Ask Solem <a...@opera.com> added the comment:

New patch attach (termination-trackjobs3.patch).

> Hmm, a few notes. I have a bunch of nitpicks, but those
> can wait for a later iteration. (Just one style nit: I
> noticed a few unneeded whitespace changes... please try
> not to do that, as it makes the patch harder to read.)

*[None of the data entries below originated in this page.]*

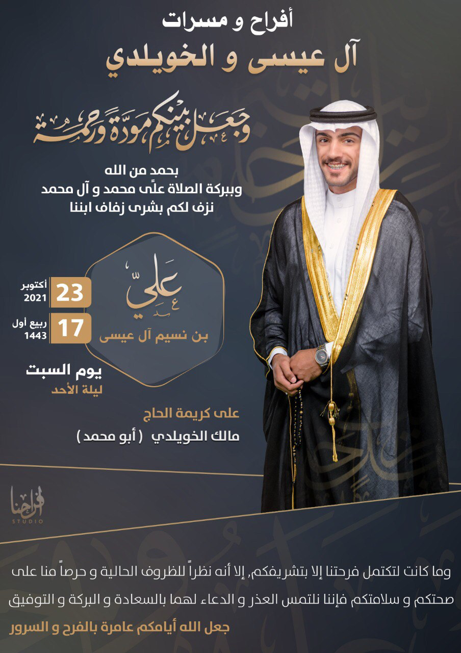 احتفلت عائلة آل عيسى والخويلدي في صفوى مساء يوم السبت بزفاف الشاب علي نسيم آل عيسى على كريمة الحاج مالك الخويلدي «أبو محمد» وسط فرحة الأهل والأصدقاء ومحبي العريسين.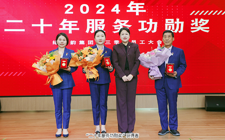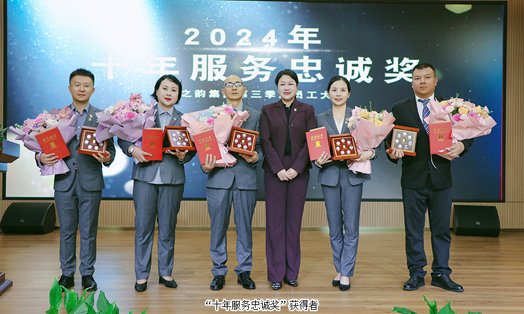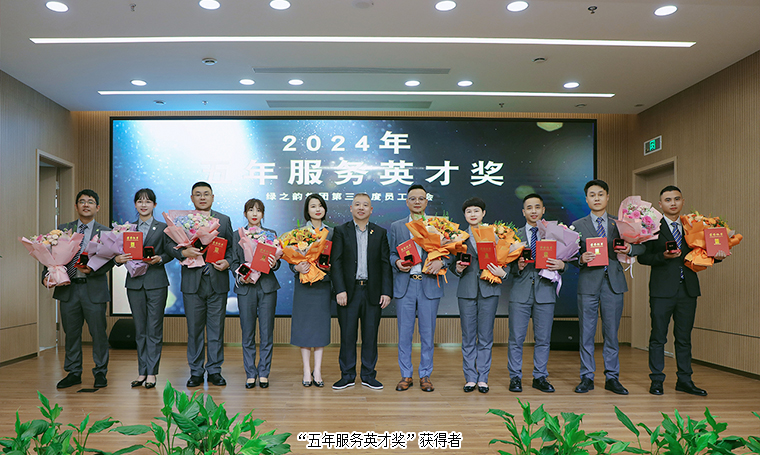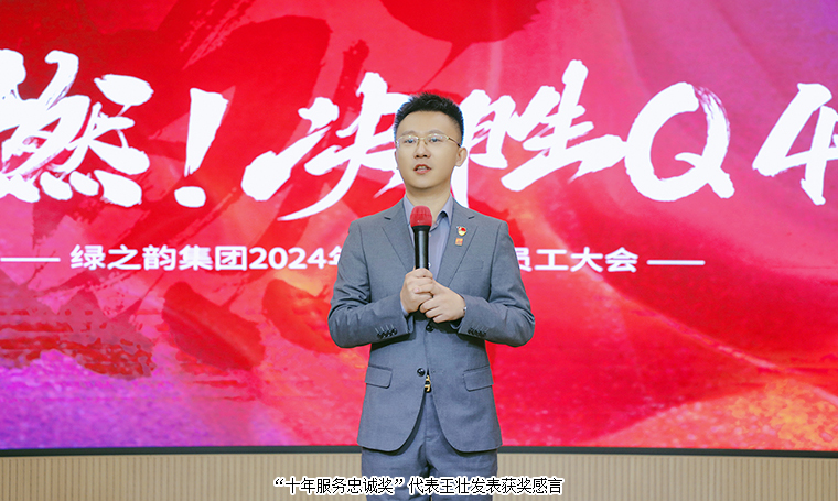 為表彰先進(jìn)、樹立榜樣、激勵(lì)奮進(jìn),大會(huì)對(duì)2024年度“五年服務(wù)英才獎(jiǎng)”、“十年服務(wù)忠誠獎(jiǎng)”、“二十年服務(wù)功勛獎(jiǎng)”進(jìn)行了表彰,鼓勵(lì)全體員工以優(yōu)秀為標(biāo)桿,勇于追求卓越,在工作中實(shí)現(xiàn)個(gè)人價(jià)值與奮斗目標(biāo)。勞嘉總裁、胡均安常務(wù)副總裁依次為獲獎(jiǎng)優(yōu)秀個(gè)人頒發(fā)榮譽(yù)獎(jiǎng)杯和證書。獲獎(jiǎng)代表王壯、黃茜發(fā)表獲獎(jiǎng)感言,分享了他(她)們加入綠之韻的成長歷程,并表達(dá)了將始終保持積極進(jìn)取的態(tài)度,珍惜榮譽(yù)、奮勇有為、不斷提升的決心。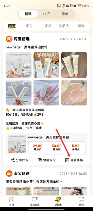 2、之后可以浏览【淘宝】、【京东】等平台的精选商品,看到心仪好物后,点击【查看商品】就能了解详情啦。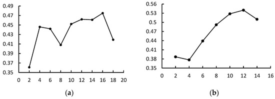 Through Gensim’s LDA Model method, the subject number range was set as [2,20], and the subject consistency scores of LDA models in the source domain and target domain under different subject numbers were obtained, as shown in Figure 6. The best number of subjects for the source domain T1 time slice data was obtained as 16, and the model’s perplexity is −6.9. For subjects in the target domain, the optimal number was 12, with the model’s perplexity equal to −5.27.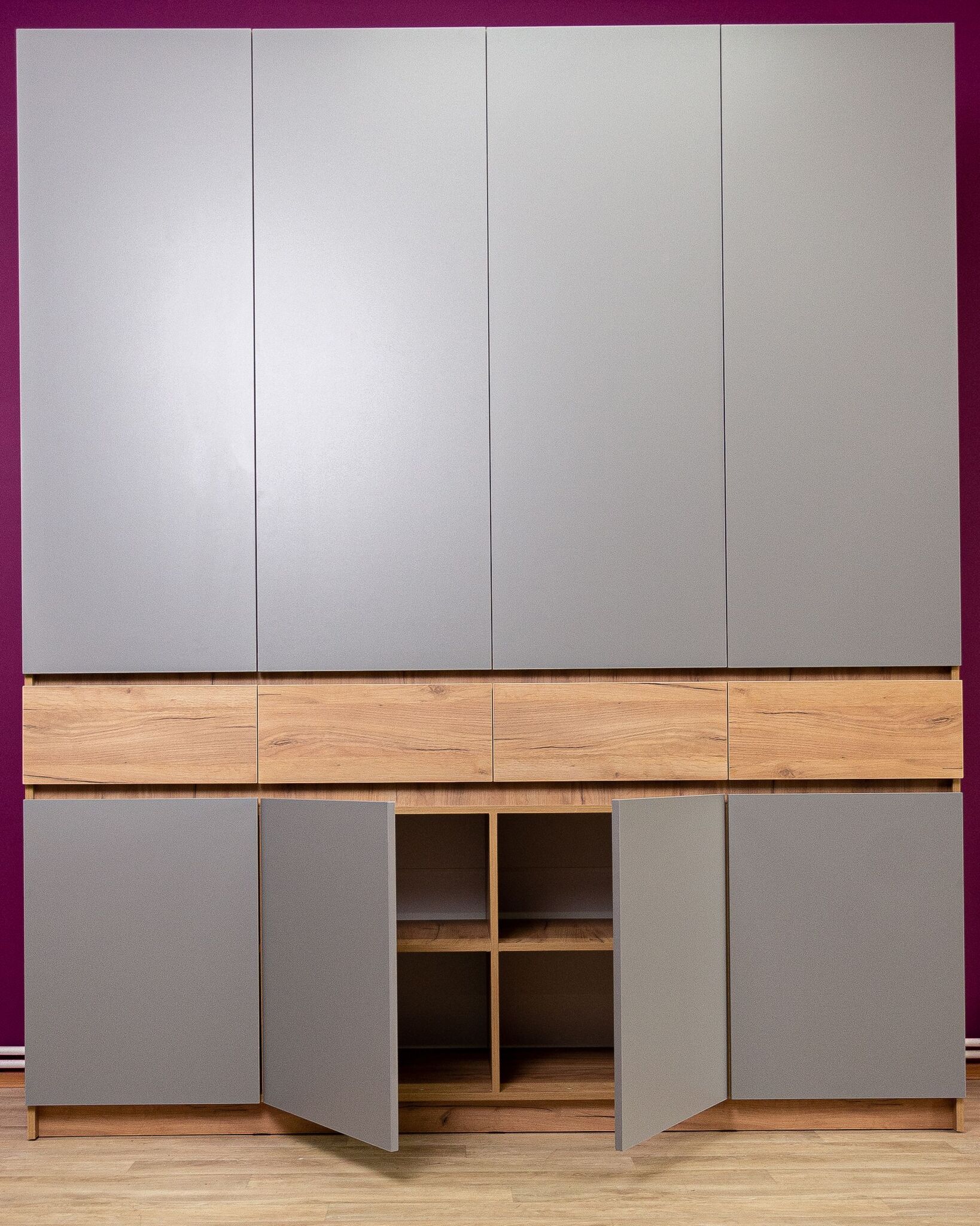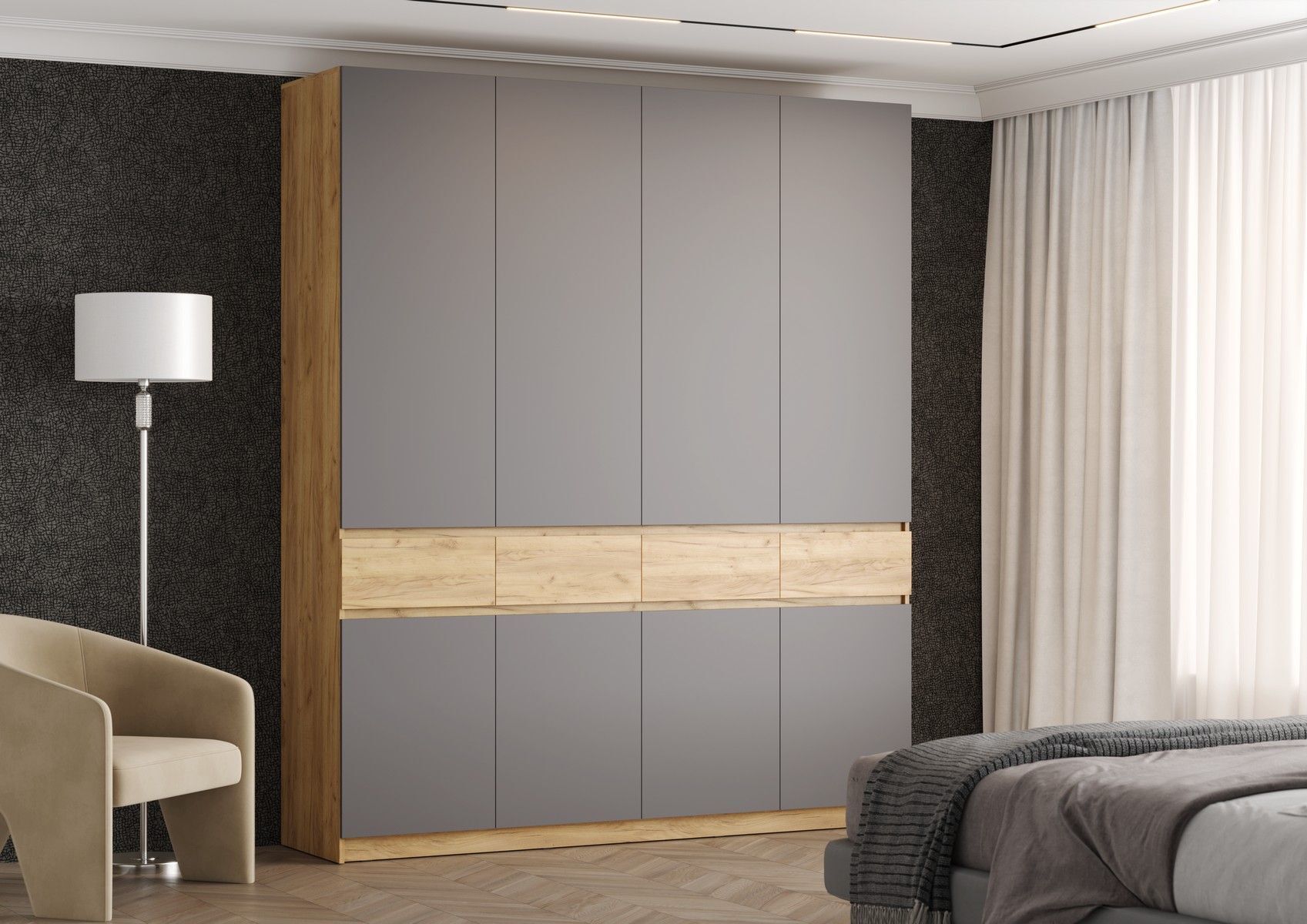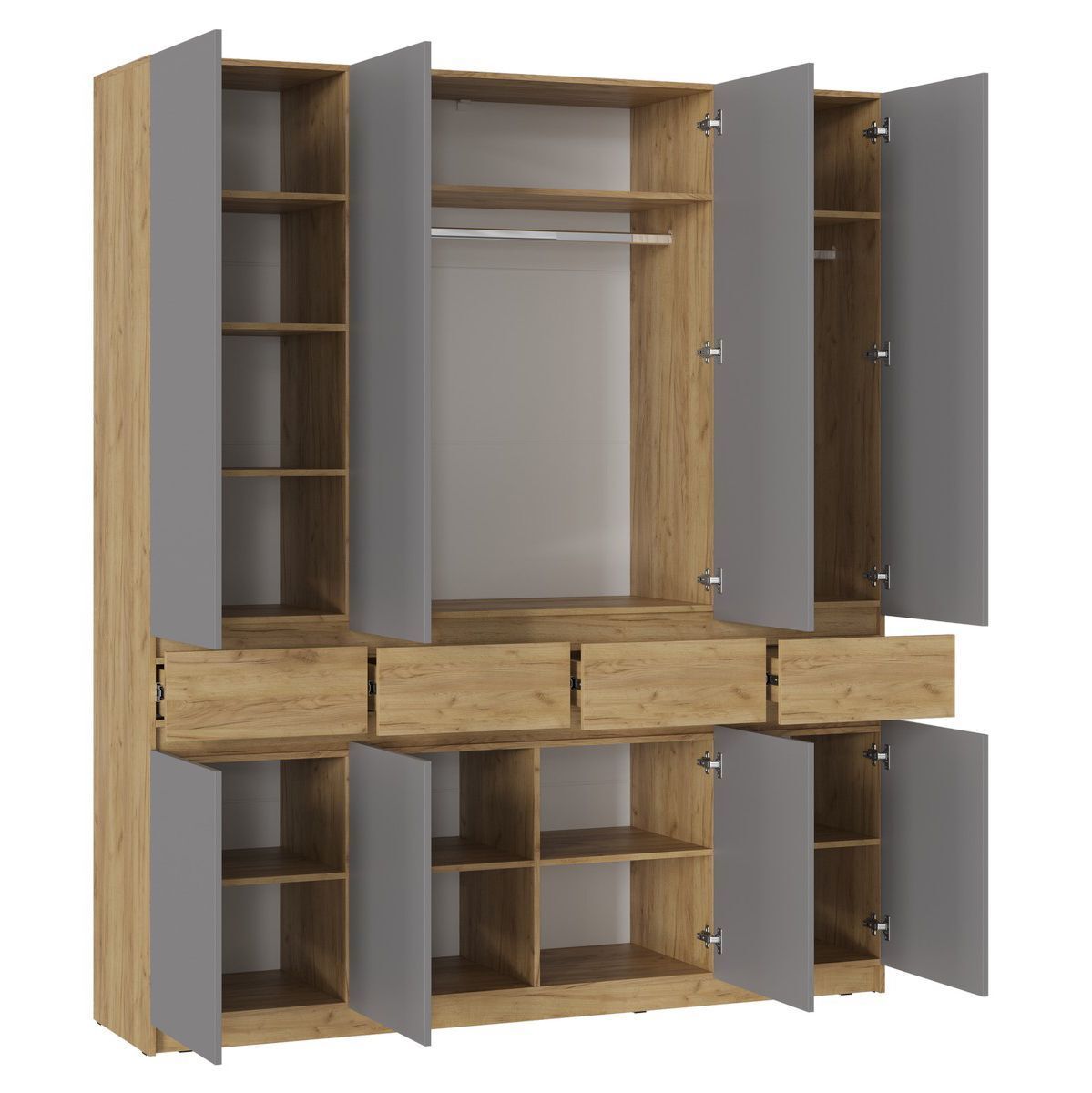 Шкаф распашной предлагает удобное открытие дверей, что позволяет вам быстро и легко получить доступ к хранимым вещам. Благодаря своей конструкции с распашными дверями, он занимает меньше пространства, чем шкафы со скользящими дверями, что особенно актуально для небольших помещений.

Yeah, nitpicks can wait. We need a satisfactory solution first.
I forgot about the whitespace, the reason is that the patch was started
from the previous trackjobs patch.

> - Am I correct that you handle a crashed worker
> by aborting all running jobs?

No. The job's result is marked with the WorkerLostError, the
process is replaced by a new one, and the pool continue to be
functional.

>- If you're going to the effort of ACKing, why not record
>the mapping of tasks to workers so you can be more selective in your 
>>termination?

I does have access to that. There's ApplyResult.worker_pids().
It doesn't terminate anything, it just clean up after whatever terminated. The 
MapResult could very well discard the job as a whole,
but my patch doesn't do that (at least not yet).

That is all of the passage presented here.